WORK ORDER: What you return must match the records word for word, except that images are dropped.

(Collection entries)

※ ※ ※

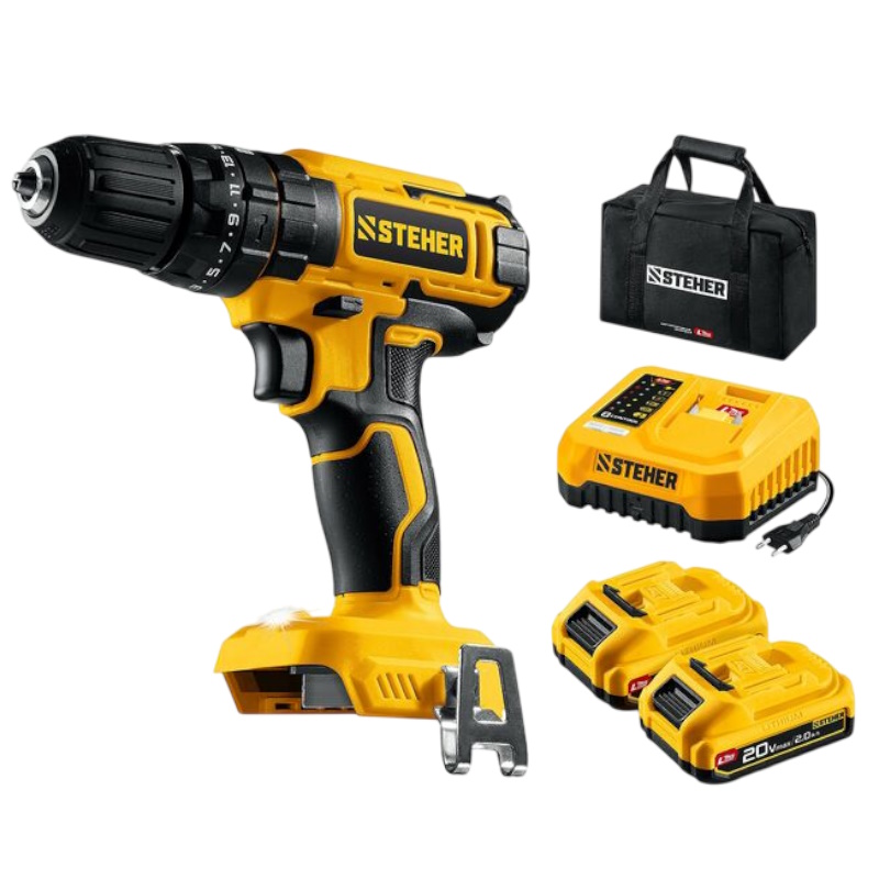 Дрель-шуруповерт ударная Steher CDS-40-22, 20 В, 40 Н·м, 2 АКБ LMS (2 А·ч), сумка
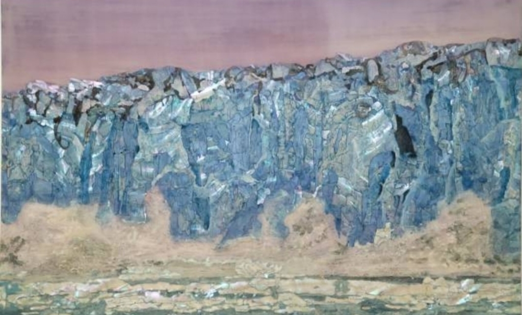 2016~2017 Ash, pigment, gauze, thread on canvas 100 x 200 cm
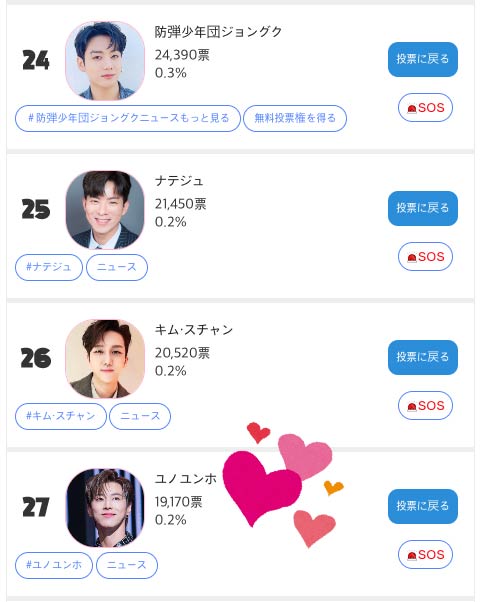 以降の順位は21位のパク・グン(21,300票)、22位のイム・ヨンウン(20,220票)、23位のナム・スンミン(19,620票)、24位のナ・テジュ(15,300票)、25位のキム・スチャン(14,820票)、26位の防弾少年表)、27位ユノ・ユンホ(12,330票)、28位ファン・ユンソン(11,280票)、29位キム・ホジュン(11,130票)、30位イ・ジュチョン(9,720票)
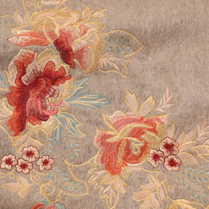 This three-dimensional embroidered cashmere scarf is crafted with delicate cashmere material, showcasing meticulous hand embroidery that brings each flower to life with stunning realism. The intricate craftsmanship creates a three-dimensional effect, lending the scarf texture and vibrant depth. Its warm, soft fabric combined with exquisite embroidery makes it a unique and elegant accessory, perfect for complementing everyday wear or adding a touch of distinction to special occasions.
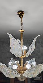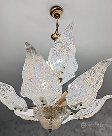 Vendo lampadario vintage in vetro artistico stile Murano, con lavorazione iridescente e struttura in ottone.
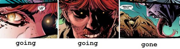 If Abby is becoming the avatar of death, what the hell is happening to William? Whatever he’s turning into, I love it. Throughout this issue, his face darkens and distorts until he becomes this totally twisted sister-licking monster. There are a lot of upsetting images in this issue, but this transformation takes the cake for me.
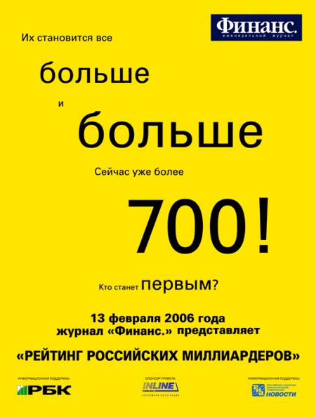 Журнал "Финанс." начинает рекламную кампанию специального проекта "Рейтинг Российских миллиардеров -2006", который выйдет 13 февраляАнонсирующие макеты рейтинга будут размещены в журналах "Главбух", "Документы и Комментарии", "Двойная запись", "Кадровое дело" и Sales. Кроме того, с 23 января по 13 февраля на телеканале РБК будет запущен 15-секундный анонсирующий ролик. Ролик сделан компанией "Бигфут". ![]() |
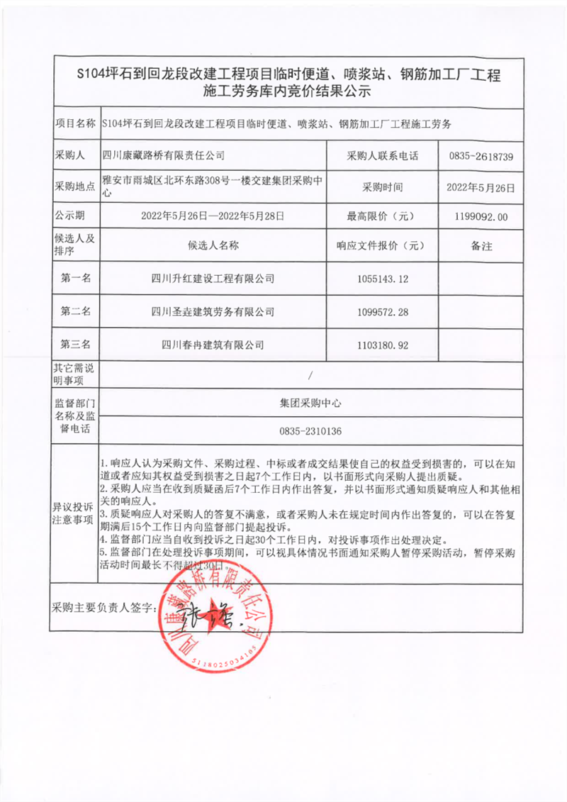 四川康藏路橋有限責任公司S104坪石到回龍改建工程項目臨時便道、噴漿站、鋼筋加工廠工程施工勞務庫內競價結果公示

※ ※ ※

RESPONSE AREA:
 Дрель-шуруповерт ударная Steher CDS-40-22, 20 В, 40 Н·м, 2 АКБ LMS (2 А·ч), сумка
 2016~2017 Ash, pigment, gauze, thread on canvas 100 x 200 cm
 以降の順位は21位のパク・グン(21,300票)、22位のイム・ヨンウン(20,220票)、23位のナム・スンミン(19,620票)、24位のナ・テジュ(15,300票)、25位のキム・スチャン(14,820票)、26位の防弾少年表)、27位ユノ・ユンホ(12,330票)、28位ファン・ユンソン(11,280票)、29位キム・ホジュン(11,130票)、30位イ・ジュチョン(9,720票)
 This three-dimensional embroidered cashmere scarf is crafted with delicate cashmere material, showcasing meticulous hand embroidery that brings each flower to life with stunning realism. The intricate craftsmanship creates a three-dimensional effect, lending the scarf texture and vibrant depth. Its warm, soft fabric combined with exquisite embroidery makes it a unique and elegant accessory, perfect for complementing everyday wear or adding a touch of distinction to special occasions.
 Vendo lampadario vintage in vetro artistico stile Murano, con lavorazione iridescente e struttura in ottone.
 If Abby is becoming the avatar of death, what the hell is happening to William? Whatever he’s turning into, I love it. Throughout this issue, his face darkens and distorts until he becomes this totally twisted sister-licking monster. There are a lot of upsetting images in this issue, but this transformation takes the cake for me.
 Журнал "Финанс." начинает рекламную кампанию специального проекта "Рейтинг Российских миллиардеров -2006", который выйдет 13 февраляАнонсирующие макеты рейтинга будут размещены в журналах "Главбух", "Документы и Комментарии", "Двойная запись", "Кадровое дело" и Sales. Кроме того, с 23 января по 13 февраля на телеканале РБК будет запущен 15-секундный анонсирующий ролик. Ролик сделан компанией "Бигфут". ![]() |
 四川康藏路橋有限責任公司S104坪石到回龍改建工程項目臨時便道、噴漿站、鋼筋加工廠工程施工勞務庫內競價結果公示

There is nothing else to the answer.